LA MAIGREUR augmente le risque fracturaire. L’obésité aussi pour certains sites. Et l’effet du poids ne se limite pas là, selon une étude américaine publiée dans le « British Medical Journal » (BMJ). Dans la grande cohorte internationale Women’s Health Initiative (WHI) suivie plus de 10 ans en moyenne, l’équipe dirigée par le Pr Carolyn Crandall montre que les variations pondérales, à la baisse mais aussi à la hausse, sont associées à un risque augmenté de fractures à la ménopause.
Ces résultats étonnants retiennent l’attention en raison des forces de l’étude, sa taille (plus de 120 000 femmes ménopausées âgées de 50-79 ans à l’inclusion), la durée du suivi (jusqu’en 2013) et de la mesure objective du poids. La perte de poids, définie par une variation à la baisse d’au moins 5 % du poids initial au cours de la troisième année, augmente le risque de fractures par rapport à un poids stable (variation ‹ 5 %), et ce qu’elle soit voulue ou non. Et contrairement à l’idée répandue que le fait de grossir serait protecteur, le constat était bien le même pour la prise de poids (variation à la hausse ≥ 5 % à la 3e année). Grossir augmente le risque de fractures.
Une façon de tomber et l’amorti de la graisse.
Si tout changement de poids expose à faire davantage de fractures, il existe pourtant des différences entre les deux tendances contraires. Pas seulement sur la magnitude de l’effet, qui est plus limitée pour la prise de poids. Les sites anatomiques concernés ne sont pas les mêmes. Par rapport à un poids stable, l’amaigrissement augmente de 65 % l’incidence des fractures de hanche, du membre supérieur et dites « centrales » (hanche, pelvis, colonne vertébrale). Tandis que la prise de poids augmente juste un peu celle des fractures des membres supérieur et inférieur.
Dans un éditorial attaché à l’article, le Pr Juliet Compston, rhumatologue à l’université de Cambridge, rappelle que les femmes obèses présentent un risque augmenté de fracture de cheville, de la jambe et du bras par rapport à celles de poids normal. Pour ce professeur émérite, les raisons de ces effets spécifiques de sites déterminés par l’indice de masse corporelle (IMC) ne sont pas complètement comprises, mais pourraient être liées « à des façons différentes de tomber », aux « forces biomécaniques » différentes chez les obèses et à l’amorti du « capitonnage » des tissus mous. Le changement pondéral pourrait ainsi s’exercer de façon assez similaire aux hypothèses avancées pour le poids absolu.
Un effet variable selon les sites anatomiques.

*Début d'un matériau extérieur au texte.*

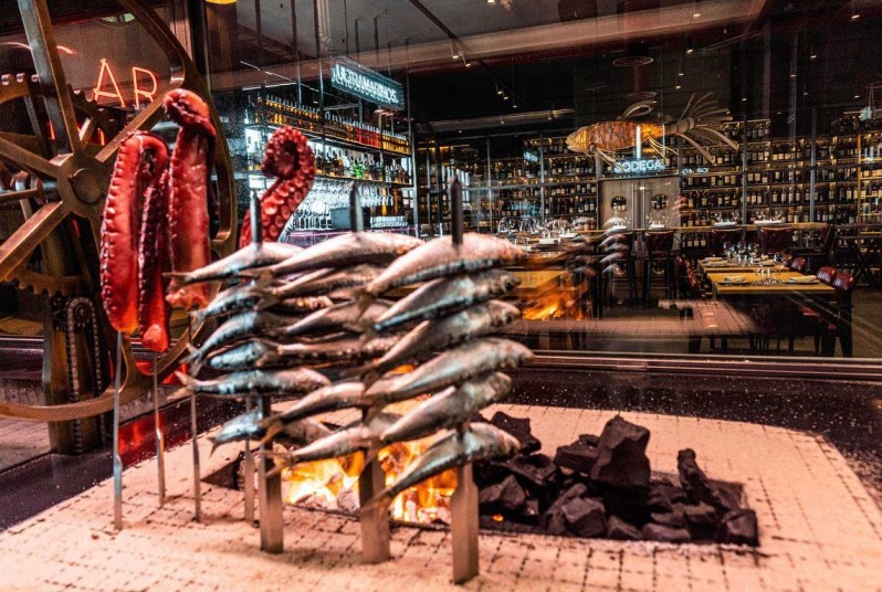 Escondido en un concesionario de coches en Vallecas, este es un lugar de culto para los amantes de los pescados a la brasa. El local exhibe a la entrada producto fresco del mar, con atunes y mariscos. Sorprende por su gran variedad de pescados de buena parte de la geografía española y su mimo a la hora de tratarlos. Divertida bodega con multitud de referencias. Amplio comedor con mesas altas y bajas que se llena a diario. Imprescindible reservar. Un lugar singular de visita obligada.

Une autre distinction importante concerne le caractère intentionnel ou non de la perte de poids. Les maladies graves, à savoir cardio-vasculaires, pulmonaires, rénales, cancers ou diabète, peuvent entraîner une perte de poids non voulue et une ostéoporose. L’étude a montré que, par rapport à un poids stable, l’amaigrissement non voulu était associé à une incidence majorée de 33 % des fractures de hanche et à une incidence augmentée des fractures vertébrales. Les auteurs ont néanmoins tenu à souligner que « les associations retrouvées entre la perte de poids et l’incidence fracturaire ont persisté après ajustement sur le diagnostic de cancer et d’autres comorbidités ». Seule la perte de poids non intentionnelle était associée à un risque augmenté de fracture de hanche.
C’est la première étude montrant que la prise de poids à la ménopause est associée à une incidence fracturaire augmentée. C’est une donnée nouvelle à prendre en compte dans la pratique clinique, les sujets prenant du poids ne sont pas protégés, au contraire. De plus, la perte de poids non intentionnelle supérieure à 5 % expose à un risque fracturaire augmenté. Selon l’éditorialiste britannique, la présence de « ce facteur de risque » justifierait des explorations complémentaires (ostéodensitométrie) avec à la clef un traitement de l’ostéoporose si besoin. Bien sûr, le risque de chutes devrait être recherché et limité, et des conseils alimentaires prodigués.
Prévenir la perte osseuse.
Pour la perte de poids intentionnelle, les « conseils (...) sont plus complexes », toujours selon le professeur émérite de Cambridge, et dépendent « du poids avant et après la perte de poids ». Bien sûr, les bénéfices à attendre d’un amaigrissement chez les femmes obèses ou en simple surpoids dépassent largement le risque squelettique.
S’il faut continuer à encourager les femmes trop enrobées à maigrir, les résultats de cette étude observationnelle suggèrent de réfléchir aux interventions possibles pour prévenir la perte osseuse. L’activité physique avec renforcement musculaire pourrait être l’une d’elles.